If we say “No, God does not call homosexuals to ministry,” then we have reduced baptism to an empty ritual, devoid of mystery.
If we say “Yes, they have a ministry, but only among the laity,” then we have created a hierarchy where the ministry of the clergy is elevated above the ministry of the laity, which again, United Methodists do not believe.
Consider the biblical witness. With the exception of Isaiah, (who granted, was eager) and Jeremiah (who was called in the womb), most people God calls try like crazy to get out of whatever God is telling them to do.
Talk to the clergy you know. Ask them how long they fought off their own call to licensed, consecrated, or ordained ministry. In twenty years, I have heard more stories than I can count that follow this pattern. Church work is not easy, and most every single day, your heart breaks a little, or breaks a lot.
And yet, God continues to call broken, unholy people into this work of spreading holiness throughout these lands. Sure, the scriptures are hard on homosexuality in certain contexts, but it is also hard on riches, pride, and hypocrisy in others.

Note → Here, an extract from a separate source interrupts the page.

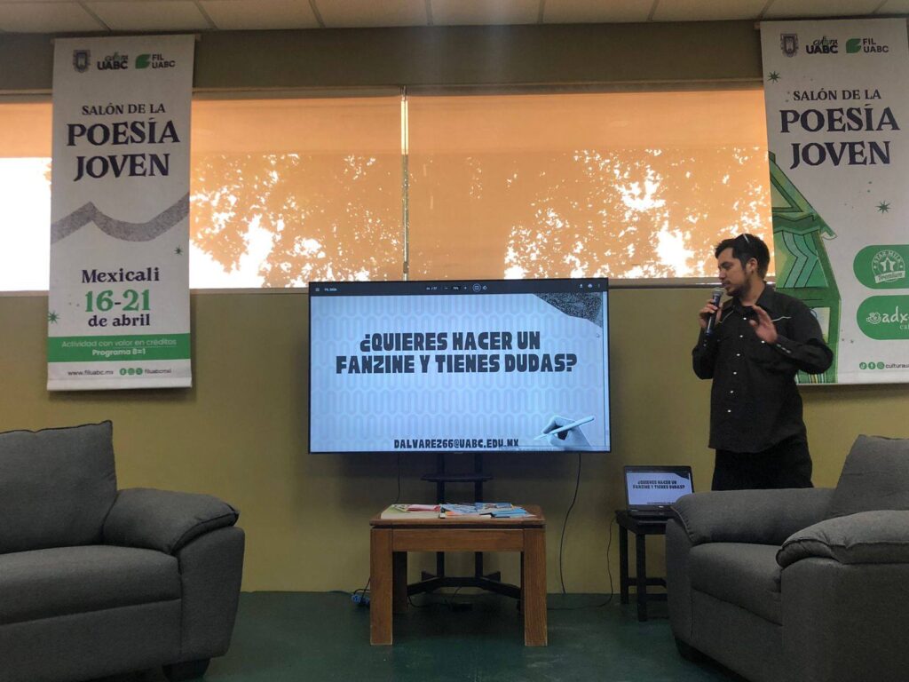 Mientras que, a través del programa Juventudes FIL, se llevó a cabo la charla “El regreso fanzinero”, impartida por el maestro Santiago Álvarez, quien abordó el fanzine como una forma de expresión libre surgida en las décadas de 1970 y 1980, caracterizada por su libertad creativa, ausencia de reglas formales y enfoque “hazlo tú mismo”, así como por su capacidad para comunicar inquietudes e intereses. Asimismo, subrayó su relevancia en el contexto local, al identificar publicaciones que reflejan la vida fronteriza y la cotidianidad en Mexicali.

Still God continues to call broken people into the ministry of the laity, and the ministry of the clergy, broken people like me, and broken people like you, including people whose lives would be much, much, easier if only they could shake this burdensome calling, this love that will not let us go, this maddening God who persists and persists until we finally relent and obey, until we finally get out of the storm and onto the shores of Nineveh.
If I am to believe that my work as a clergyperson is any more important than the ministry of the people I serve in my current congregation at Reveille, or the people I have served in North Carolina, Newport News, Prince George, or Crozet, then I hereby surrender my credentials.
But I do not believe that, and on this frustrating and heartbreaking night, I am betting neither do you.
We are all in this together. All of us. Thanks be to God.
Doug Sasser said:
Thank you for this refection.
rogerdowdy said:
Doug, so well expressed throughout (and lived out by you).
The only sense in which ordination is a ‘privilege’ is the dynamic that it is the Church – Local, General, and Universal – which ‘elects’ from the ‘priesthood of all believers’ those deemed called and equipped to be representatives of Christ – not ‘on behalf of’, not ‘in place of’, rather to be ‘along side of’ – nudging, guiding, teaching, lighting the pathway for the next steps in shared ministry together.
Grace and Peace, my Brother in Christ.